⟨

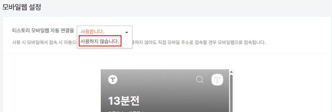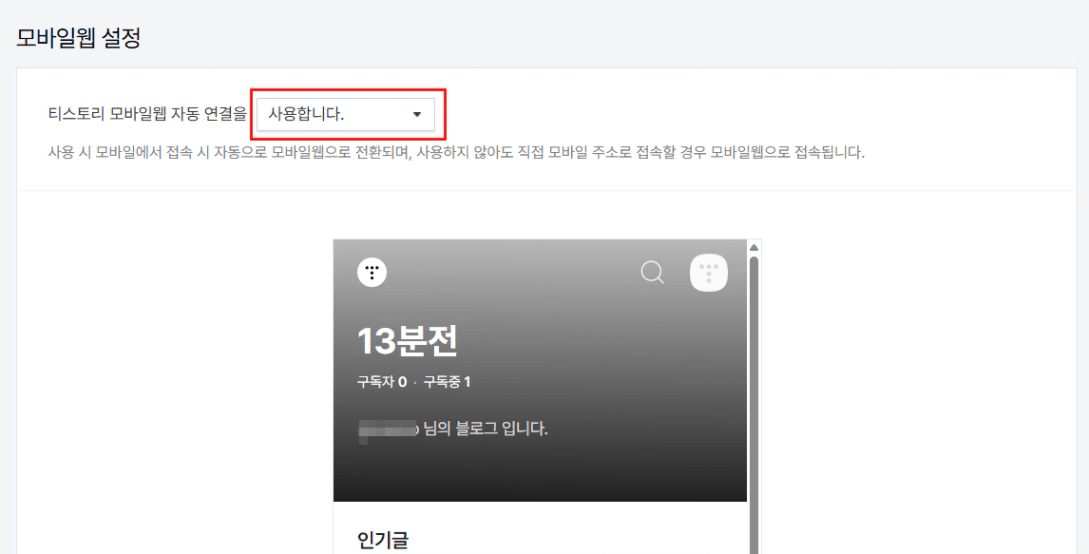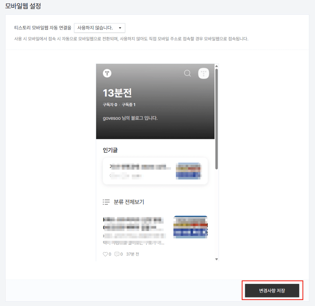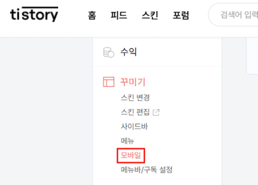 • 티스토리 관리자 페이지 > 사이드 메뉴 > 꾸미기 > ‘모바일’ 클릭
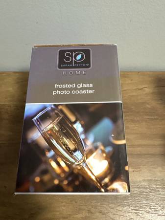 Set of four frosted glass coasters. 2" x 3" photo inserts. Black holder included. New in box.
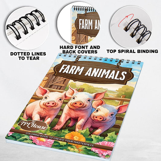 Farm Animals Spiral Bound Coloring Book, Charming Fa...
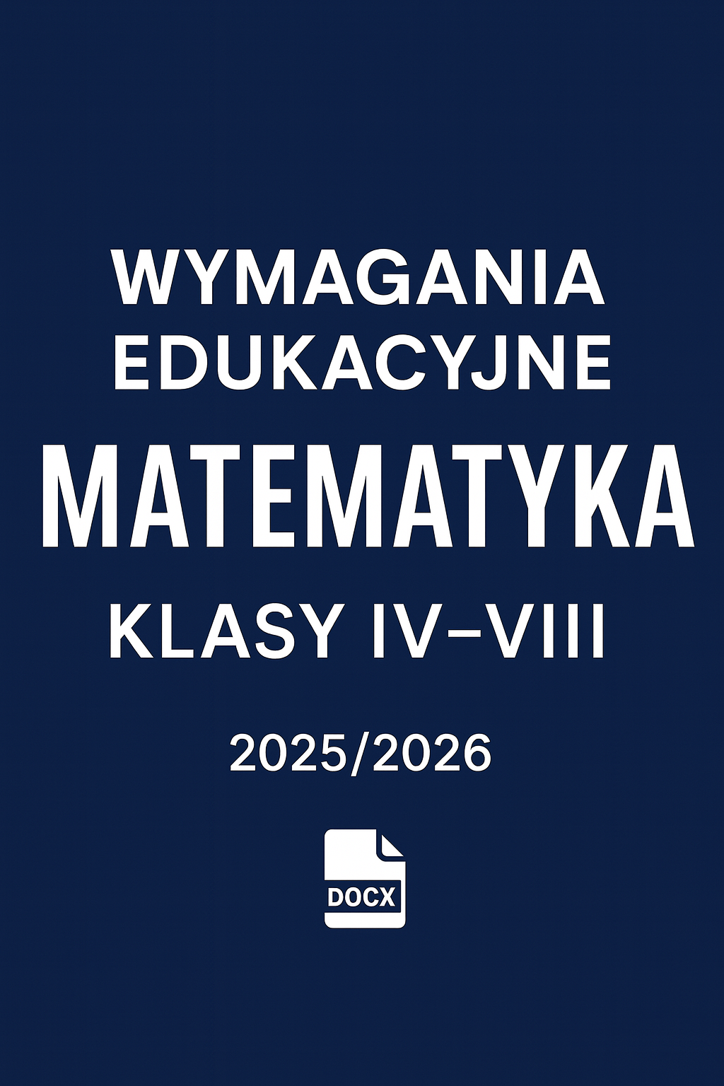 Gotowe wymagania edukacyjne z matematyki dla klas IV-VIII, 2025/26Wymagania edukacyjne z matematyki dla klas IV–VIII 2025/26 – jasno, nowocześnie, przejrzyście!25,00 zł -
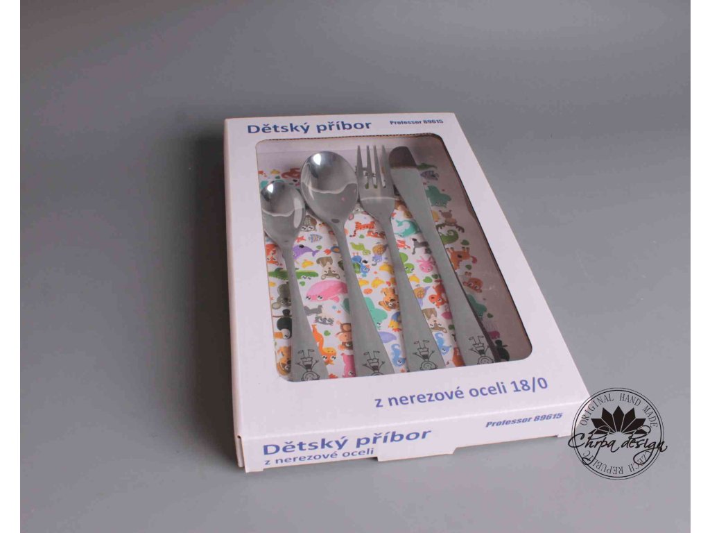 Příbor je přizpůsoben velikostí i tvarem dětským ručkám - lehký, bezpečný a příjemný na používání. Vhodný i do myčky nádobí.

⟩

◆ **What needs to be done**: Beginning with the line that has "Gotowe wymagania edukacyjne", repeat each remaining line of the data above word for word, keeping pictures out.

◆ **Reply**:
 Gotowe wymagania edukacyjne z matematyki dla klas IV-VIII, 2025/26Wymagania edukacyjne z matematyki dla klas IV–VIII 2025/26 – jasno, nowocześnie, przejrzyście!25,00 zł -
 Příbor je přizpůsoben velikostí i tvarem dětským ručkám - lehký, bezpečný a příjemný na používání. Vhodný i do myčky nádobí.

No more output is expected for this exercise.